Leaders of classes, and individuals pursuing these studies apart from classes, are urged to read the chapter entitled "Teaching Hints," on page [259], before beginning this section


Lesson 1

Knowing the Pupil

1. There never was a time when so many people were students of human life as to-day. Professional men, business men, politicians, educators, parents, indeed the whole thinking world has apparently matriculated in a college of life. What is it, how does it develop, how may it be influenced, how led to action? These are typical questions to which answers are sought. There would be no value in this study were it not for the fact that life, like all other of God's creations, is under law, and the laws are unchangeable and universal. Certain causes will always produce certain results under normal conditions.

2. Since these laws of life may be known, two conclusions follow: first, results which are desired in a life can be intelligently planned for; second, haphazard, ignorant work with a life becomes culpable in proportion to the issues at stake and the opportunity for acquiring skill in the work.
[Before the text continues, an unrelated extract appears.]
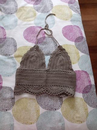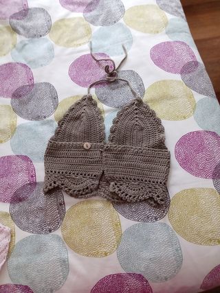 Top de crochet hecho a mano. - Diseño halter. - Tejido calado. - Tiras para atar al cuello y espalda.

3. Why the Sunday-school Teacher should know the Pupil.—Next to fathers and mothers, the duty of understanding life is laid most imperatively upon Sunday-school teachers. Four unanswerable arguments present themselves as proof.

(1) The issues are the most vital in the world. The case the lawyer seeks to win is important, but the case the teacher seeks to win involves character, not reputation, and the outcome is eternal.

(2) A mistake with a life cannot be wholly rectified. There is a best time for each phase of work with a life—a time to form habits and store memory, a time to shape ideals and to crystallize life purposes, a time to broaden sympathies and to lead to service; if this best time be passed, the results, if obtainable at all later, come with greater effort and with less success.